- Two DVD set that contains the film
- Directed by: Chris Landreth
- Written by: Chris Landreth
- Produced by: Steve Hoban; Marcy Page;
- Starring: Gordon Pinsent; Alberta Watson;
- Edited by: Yonah Lewis; Jeremy Montgomery;
- Music by: Kirk Elliott
- Animation by: Seneca College;
- Production companies: Copperheart Entertainment; C.O.R.E.; National Film Board of Canada; Dolby; Autodesk; Seneca College; Gumby; Poppetstown;
- Distributed by: National Film Board of Canada
- Release date: June 8, 2009 (Annecy);
- Running time: 11 minutes
- Country: Canada
- Language: English

= The Spine (film) =

The Spine is a 2009 animated short film by Chris Landreth about a married dysfunctional couple, created in Landreth's "psycho realist" style, in which characters' mental states are reflected in their physical appearance. Voices for the couple were supplied by Gordon Pinsent and Alberta Watson.

Landreth has explained his animation style as "a kind of surrealistic portrayal of real people and what I do with the surrealistic part is to make people's emotional, psychological and spiritual state kind of very evident on their faces and in their body so that they look …scarred in a way that reflects their history."

The Spine was produced by the National Film Board of Canada in association with Copperheart Animation and C.O.R.E. Digital Pictures, with the creative participation of Autodesk Canada and Seneca College's School of Communication Arts. It is Landreth's second film with Copper Heart and the NFB, having won the 2004 Academy Award for Animated Short Film and the 25th Genie Award for Best Animated Short for his previous work, Ryan.

==Production==
Producing The Spine took two years, with the first year devoted mainly to development. The film was a more ambitious project technically than Ryan, and so required a much larger production team. Animators from Seneca College, which had been involved in Ryan, played a much larger role in the making of The Spine, with Seneca College people doing "about 95% of the animation," according to Landreth. Seneca professor Sean Craig, who had worked on Ryan as a student, was an animation director on The Spine. The film also utilized the input of C.O.R.E., including a team that did most of the computer rendering. The film was principally created using Autodesk Maya and Houdini 3D software.
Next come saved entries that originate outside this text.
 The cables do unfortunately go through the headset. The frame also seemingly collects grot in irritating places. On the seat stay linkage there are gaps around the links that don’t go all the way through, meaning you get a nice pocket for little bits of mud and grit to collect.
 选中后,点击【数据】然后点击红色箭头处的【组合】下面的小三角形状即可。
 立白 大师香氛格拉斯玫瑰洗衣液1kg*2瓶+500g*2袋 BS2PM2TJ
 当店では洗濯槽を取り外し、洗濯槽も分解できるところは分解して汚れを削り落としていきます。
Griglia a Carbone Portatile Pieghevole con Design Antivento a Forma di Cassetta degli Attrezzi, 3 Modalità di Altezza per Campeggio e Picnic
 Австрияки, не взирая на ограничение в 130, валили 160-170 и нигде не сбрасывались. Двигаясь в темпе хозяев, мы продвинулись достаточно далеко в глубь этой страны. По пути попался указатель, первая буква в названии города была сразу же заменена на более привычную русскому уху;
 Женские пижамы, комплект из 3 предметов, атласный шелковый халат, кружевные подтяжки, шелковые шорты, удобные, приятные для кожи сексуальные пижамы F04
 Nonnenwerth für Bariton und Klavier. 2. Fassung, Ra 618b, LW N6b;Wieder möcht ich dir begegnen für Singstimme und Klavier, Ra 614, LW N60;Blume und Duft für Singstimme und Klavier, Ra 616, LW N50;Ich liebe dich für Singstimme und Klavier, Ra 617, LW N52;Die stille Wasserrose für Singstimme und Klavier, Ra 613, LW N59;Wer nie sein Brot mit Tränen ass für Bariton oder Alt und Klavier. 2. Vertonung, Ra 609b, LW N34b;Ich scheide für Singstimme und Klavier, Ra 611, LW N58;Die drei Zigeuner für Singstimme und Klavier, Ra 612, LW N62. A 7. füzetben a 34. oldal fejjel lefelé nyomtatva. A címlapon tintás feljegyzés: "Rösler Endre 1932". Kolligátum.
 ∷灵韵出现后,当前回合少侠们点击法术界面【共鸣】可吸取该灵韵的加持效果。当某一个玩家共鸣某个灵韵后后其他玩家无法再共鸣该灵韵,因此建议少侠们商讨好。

The screenplay for The Spine was written by Landreth while enrolled in a professional screenwriting workshop at Ryerson Polytechnic University. Some of the story was based on what he'd seen, 20 years earlier, at a group therapy session for couples, where it seemed to Landreth that portraying a dysfunctional relationship would make for an interesting story. It took Landreth just two hours to put the outline together, but completing the story took a year. The Ryerson workshop helped Landreth to flesh out his story and as of 2009, he continues to meet with his writing group once a month. Landreth also credits the production teams from the National Film Board and Copperheart for their creative input.

== Release ==
The Spine had its world premiere at the Annecy International Animated Film Festival, followed by a North American premiere at the Worldwide Short Film Festival in Toronto. In August 2009, Landreth presented the film at SIGGRAPH in New Orleans.

== Reception ==
Scott Hill of Wired.com called it "a freakish array of human drama" that will "blow minds".

The Spine received the award for the best film at the Melbourne International Animation Festival, and was named best animated short at the Nashville Film Festival. It was also nominated for the Genie Award for Best Animated Short at the 30th Genie Awards.